Thursday, February 10, 2011

The Slow Simmer of Miike Snow

Despite my ideal mindset of being an open-minded listener, when it comes to popular or contemporary music, I listen critically.  These two opposing tendencies can sometimes make it difficult to discern if the artist is being disingenuous or if I am just being stubborn and closed-minded.  The process of trying to figure that out usually requires repeated listening, and I will often let an album “simmer” for months in the hopes that it will “open up” to me.  Sometimes I wonder how patient I should really be.
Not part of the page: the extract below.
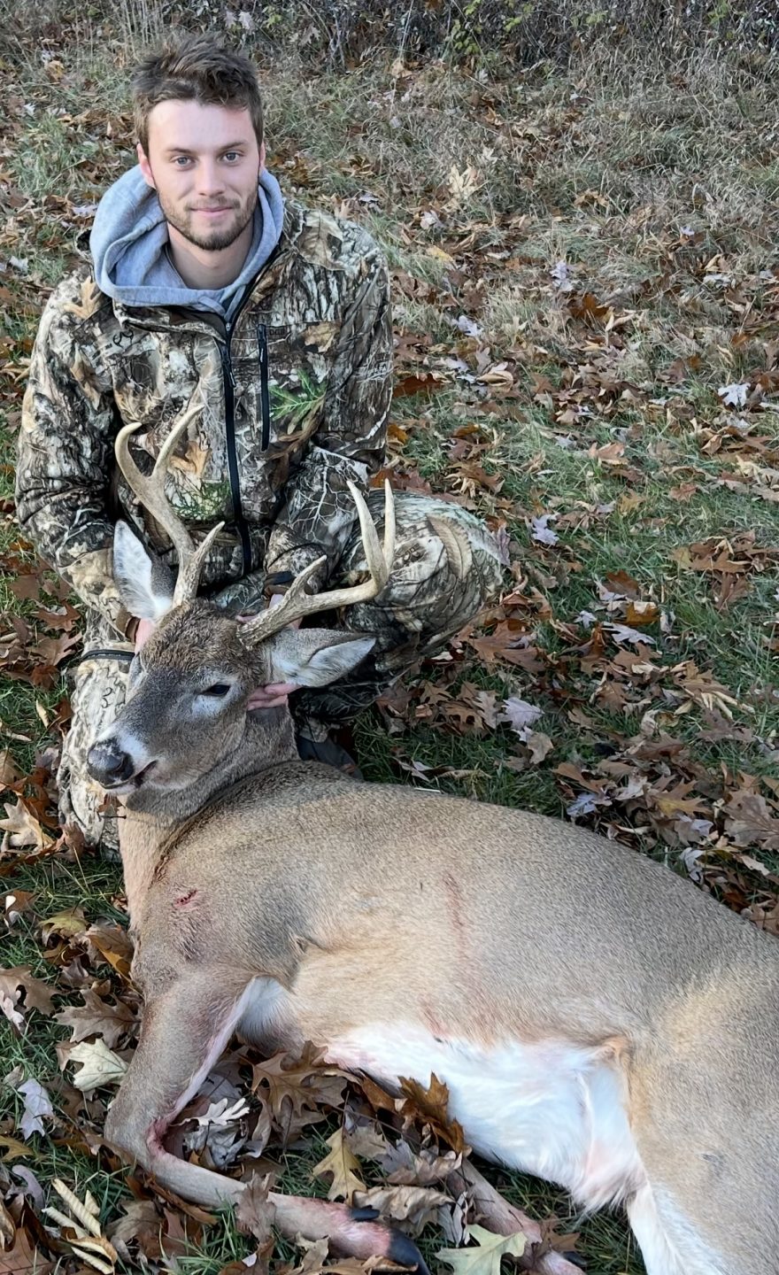 Sitting in the treestand at 7:55 AM, when I noticed a small buck about 20 yards to my left. I noticed he was staring at something across the field. I followed his view and observed larger buck. The small buck then runs off. I watch the larger buck, who also turns and runs off. Puzzled, i then see an even larger buck standing at the end of the field. This buck runs to the middle of the field, where I take my shot. He ran about 70 yards and piled up. Largest buck to date, and a 6 point at that!

Like many people, however, my favorite albums end up being the ones that that I am initially ambivalent about.  With a few exceptions, like Mew and the first Mars Volta album, if I immediately like a recording, its days are numbered.  So, to keep from listening to the same old stuff (or things that sound too much like the same old stuff), I try to push through this initial resistance.  The reward is to have those songs bring back this time in my life later and be able to say being able to say things like “I was really into Miike Snow when your mom was pregnant with you."
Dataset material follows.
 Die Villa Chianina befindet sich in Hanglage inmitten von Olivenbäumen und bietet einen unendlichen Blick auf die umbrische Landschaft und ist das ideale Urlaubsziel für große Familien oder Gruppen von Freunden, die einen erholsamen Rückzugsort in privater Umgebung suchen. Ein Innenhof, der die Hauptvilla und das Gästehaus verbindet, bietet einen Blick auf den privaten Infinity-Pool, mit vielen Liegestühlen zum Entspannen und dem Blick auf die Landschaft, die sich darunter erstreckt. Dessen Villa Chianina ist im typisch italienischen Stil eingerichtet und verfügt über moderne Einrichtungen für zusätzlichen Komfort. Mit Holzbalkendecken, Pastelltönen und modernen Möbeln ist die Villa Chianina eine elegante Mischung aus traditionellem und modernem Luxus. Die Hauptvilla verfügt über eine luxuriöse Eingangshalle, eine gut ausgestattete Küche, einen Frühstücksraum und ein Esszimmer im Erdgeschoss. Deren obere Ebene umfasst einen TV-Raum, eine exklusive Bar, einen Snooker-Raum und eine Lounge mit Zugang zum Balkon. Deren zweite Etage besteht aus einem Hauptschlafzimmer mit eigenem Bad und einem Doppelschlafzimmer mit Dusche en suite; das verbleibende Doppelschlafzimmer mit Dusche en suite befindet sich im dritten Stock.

Although it is sometimes tempting to do so, I don’t want to dedicate too much blog space toward extensive artist biographies.  I personally find it interesting, but you have Wikipedia for that.  I will say, however, that Miike Snow the band grew out of Miike Snow the production project.  The band was constructed around a sound that was created in a studio setting, resulting in pretty interesting and innovative technological approach to performance.

I found out about them through Pandora through an M83 seed last summer.  Like M83, they could be broadly categorized as “electro-pop,” perhaps with a stylistic family tree that branches back to A-ha and the less sunny side of Howard Jones.  Unlike M83, though, Miike Snow did not really grab me at first.  It did, however, give me a slightly familiar, vacuous feeling, like I just did not “get it.” Although I did not like it, I did not dislike it, and for some reason it seemed to stay in the player when other CD’s came and went.  Several times, I would take it out and it would somehow find its way back in.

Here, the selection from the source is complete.